Koltuk değnekleri yardımıyla dengede durabilen Karadeli, bir yakınının tavsiye ettiği baston yapımı kursuna kendini iyi hissetmek ve moral bulmak amacıyla eşinin desteğiyle katılmaya karar verdi.

Kursta tanıştığı bir kişinin engelli kardeşi için aldığı bastonun üzerine yazdırdığı "Ayakta kal" cümlesinden etkilenen Karadeli, kurs bitiminin ardından kardeşinin kaporta dükkanında kendisi için oluşturulan alanda el işlemeli bastonlar üretmeye devam etti.

Azmiyle örnek olan ve engelleri "Bana moral veriyor." dediği baston yapımı sayesinde aşan Sinan Karadeli, üretmenin mutluluğunu da yaşıyor.

"Baston yapımına sımsıkı sarıldım"

İki çocuk babası Karadeli, bir yakınının tavsiyesi üzerine baston kursuna gitmeyi eşinin destekleriyle karar verdiğini anlatarak, şöyle devam etti:

"Ağaç işlemeciliğini sevdiğim için baston yapımına hemen ısındım ve sımsıkı sarıldım. Kurslar bittiğinde yine devam ettim. Kardeşim kaporta dükkanı açmıştı. Bana, 'Ağabey yanıma gel, sana orada bir köşe yapayım. Orada çalış.' dedi. Şimdi baston yapımını burada devam ettiriyorum. Öğlen gelip 4-5 saat çalışıyorum. Eğer bu işi devam ettirmezsem psikolojik ve fiziksel olarak hasta olurum diye düşünüyorum. Doktorlarıma, 'Baston yapmaya başladım' dediğim zaman bana, 'Bu işe devam et. Psikolojik ve spor açısından sakın bırakma' diyorlar."

"Baston işiyle kendimi ruhen tedavi ediyorum"

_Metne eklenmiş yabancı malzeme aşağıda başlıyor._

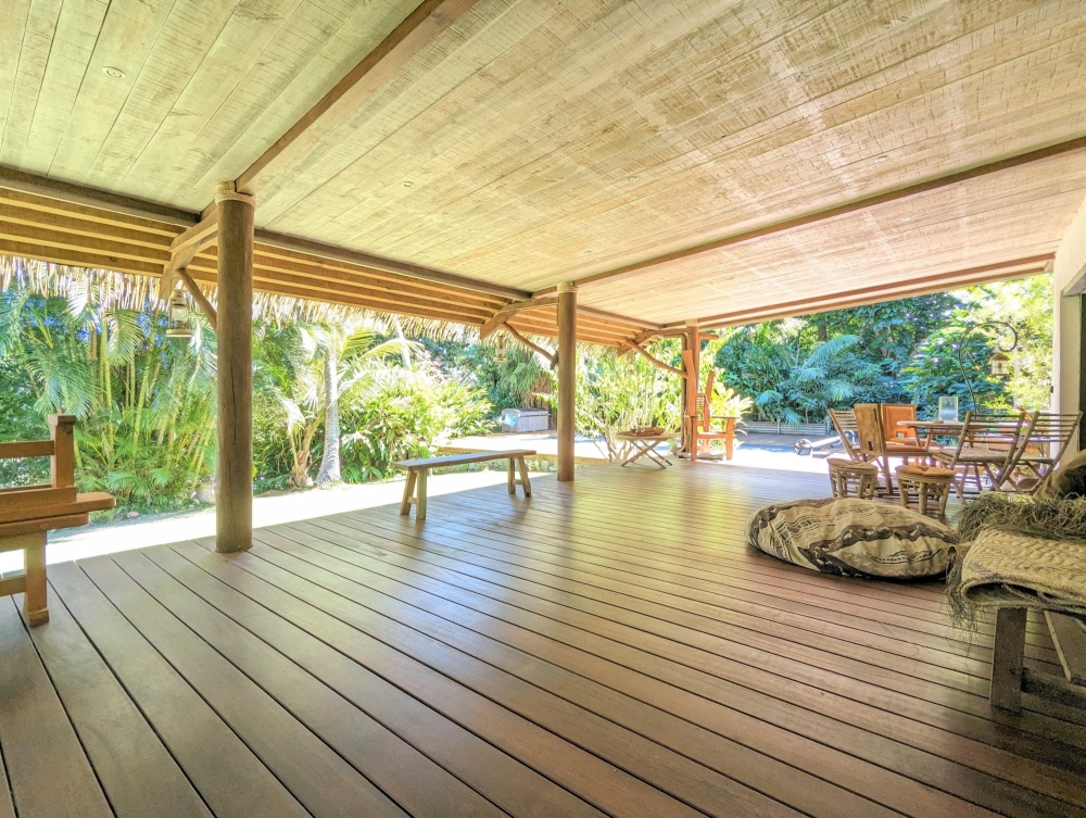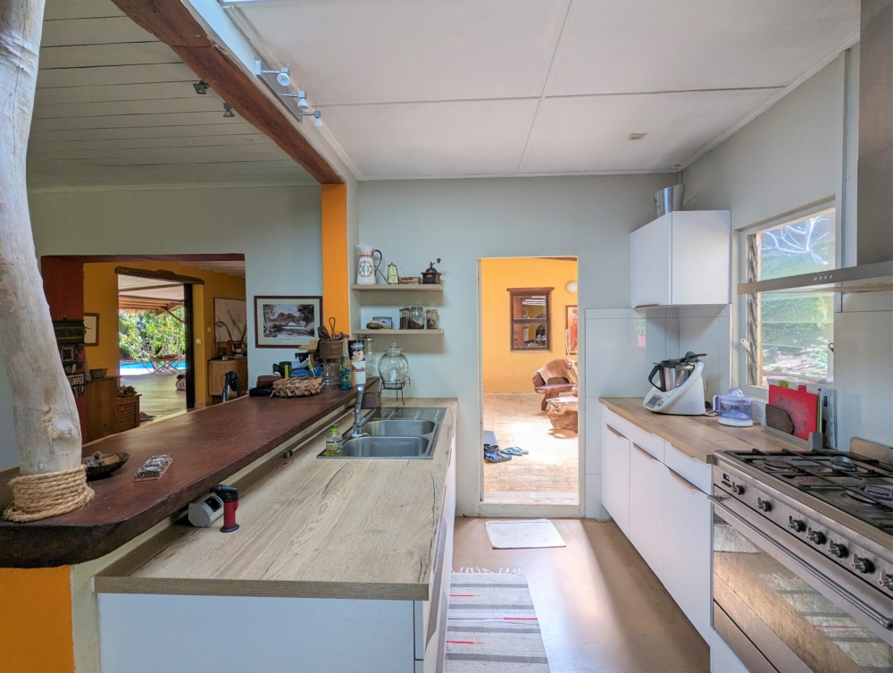 Situé en position dominante, au pied du Mont Dore et en impasse, villa en maçonnerie d'environ 150m², un patio de 60m², une terrasse couverte de 50m² et une piscine avec deck et faré. Le bien dispose également d'un Faré Mélanésien traditionnel de 45m², aménagé avec une salle d'eau, WC et une chambre. Un bungalow supplémentaire de 16m² et un atelier complètent le bien. Le tout bâti sur un magnifique terrain de 50 ares.

Karadeli, baston yapımıyla ilgilendiğinde yaşadığı sıkıntıları ve sağlık sorunlarını unuttuğunu aktararak, şunları kaydetti:

"Bazı şeyleri düşünmemek için bastona sımsıkı sarılıyorum. El yapımı baston yapıyorum ve bu haldeyken bir işi yapıp beğenildiği zaman muazzam mutlu oluyorum. Burada fizik tedavimi kendi kendime yapıp, baston işiyle kendimi ruhen tedavi ediyorum. 'Baston işi olmasa ben ne yapabilirim' diye düşünüyorum. Evde oturup kalacağım, bir gün, iki gün oturacağım. Bu sefer de mutsuz, hayattan zevk almayan bir insan olup etrafıma, eşime, çocuğuma yansıtacağım. Çalışan bir vatandaş gibi evden çıkıp geliyorum buraya. Arkadaşlarımla sohbet edip, çay içiyorum. Onlar yetiyor bana."